The AWCZ Library has always operated with an all-volunteer staff and the Club has always financed its various locations around Zurich. In addition to budgeted funds, monetary gifts to the library have played an important role in maintaining and expanding the collection. In the 1960s and 1970s, Bridge groups, FAWCO and the philanthropic committee of the AWCZ made monetary contributions.
Today, the purchasing of books and supplies is mainly the responsibility of the library; typically covered by library fees, subscription services, book sales and in the last 15 years with the introduction of video and CD rentals. Book donations have always played an important part in building the collection and members have routinely answered the call to provide books on specific topics.
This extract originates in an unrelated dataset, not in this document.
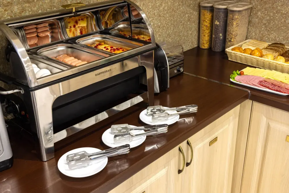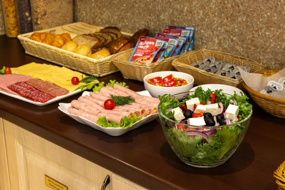 Каждое утро для гостей сервируется завтрак в кафе. По желанию, блюда можно доставить в номер.

In the early days there were actually two separate libraries - the Adult Library and the Children’s Library. The Adult Library coincided with the founding of the Club in 1931 and in 1965 a separate Children’s Library was started with a CHF10,000 loan from the AWCZ. Since 1988, the two libraries have been housed together and since then have been called just the AWCZ Library.
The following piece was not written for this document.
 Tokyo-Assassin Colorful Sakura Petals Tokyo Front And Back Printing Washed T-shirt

The AWCZ Library is often the first stop for new members and has always adapted and responded to the needs of our members and the community. The library team is one of the largest committees at the Club and provides an important community service to adult and child readers. Besides offering reading suggestions, the librarians welcome visitors young and old, answer questions and supply information and a heartfelt AWCZ welcome.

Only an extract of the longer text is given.